Goal: Focus on conserved (likely functional) regions

Result: Removes variable regions, keeps conserved domains

Use Case 4: Hypervariable Region Detection

# Find hypervariable regions (e.g., antibody CDRs)
gapclean -i antibody.fa -o hypervariable.fa --entropy-min 2.5

Goal: Identify highly diverse regions

Result: Keeps only highly variable positions

Decision Guide

What do you want to keep?

I want to keep... Use... Example
Variable regions (SNPs, diversity) --entropy-min --entropy-min 1.0
Conserved regions (functional) --entropy-max --entropy-max 1.5
Moderately variable positions Both flags --entropy-min 0.5 --entropy-max 1.5

Entropy Reference Table

Entropy DNA/RNA Protein Character
0.0 - 0.5 Very conserved Very conserved Almost all same
0.5 - 1.0 Somewhat variable Conserved Some variation
1.0 - 1.5 Moderately variable Somewhat variable Good diversity
1.5 - 2.0 Highly variable Moderately variable High diversity
> 2.0 Maximum (4 bases) Highly variable Maximum diversity
> 4.0 N/A Maximum (20 AAs) Maximum diversity

Quick Examples

Remove Conserved, Keep Variable

# SNP detection (DNA)
gapclean -i population.fa -o snps.fa --entropy-min 1.0

# Antigenic variation (Protein)
gapclean -i antigen.fa -o variable_epitopes.fa --entropy-min 2.5

Remove Variable, Keep Conserved

# Alignment cleaning (DNA)
gapclean -i noisy_alignment.fa -o clean.fa --entropy-max 1.5

# Functional conservation (Protein)
gapclean -i protein.fa -o conserved_domains.fa --entropy-max 2.0

Keep Moderate Range

# Keep moderately informative positions (not too conserved, not too variable)
gapclean -i alignment.fa -o moderate.fa --entropy-min 0.8 --entropy-max 1.8

Note: When using both flags, columns are removed if they fall outside the range.

Tips

  • Check the "Average entropy" in output to understand your alignment
  • Start with middle values (1.0 for DNA, 2.0 for protein)
  • Higher threshold = keep fewer, more variable columns
  • Entropy considers ALL characters (including gaps)
  • Gaps count as a separate character class

Comparison: Entropy vs.

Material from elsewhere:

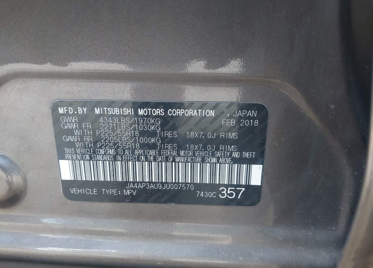 VIN:JA4AP3AU9JU007570

Threshold Mode

Feature Entropy Mode Threshold Mode
What it measures Character diversity Gap percentage
Typical goal Find variable/conserved regions Remove gappy columns
Best for SNP analysis, conservation studies Alignment cleaning
Characters considered All characters Only gaps (- or .)
Speed Slower (more computation) Faster
Complexity Two flags (min/max) for flexibility Single threshold

Which Should I Use?

Use Threshold Mode (-t) when: - You want to clean up gappy alignments - Gaps are your primary concern - You need faster processing - Simple gap percentage is sufficient

Use Entropy Mode (--entropy-min/--entropy-max) when: - You're analyzing sequence diversity - You want to find SNPs or conserved regions - Character variation matters (not just gaps) - You need fine control over conservation levels

Performance Note

Entropy calculation is more computationally intensive than threshold mode, but GapClean's 2D chunking keeps it efficient even for large alignments.

Expected performance: ~10-20% slower than threshold mode.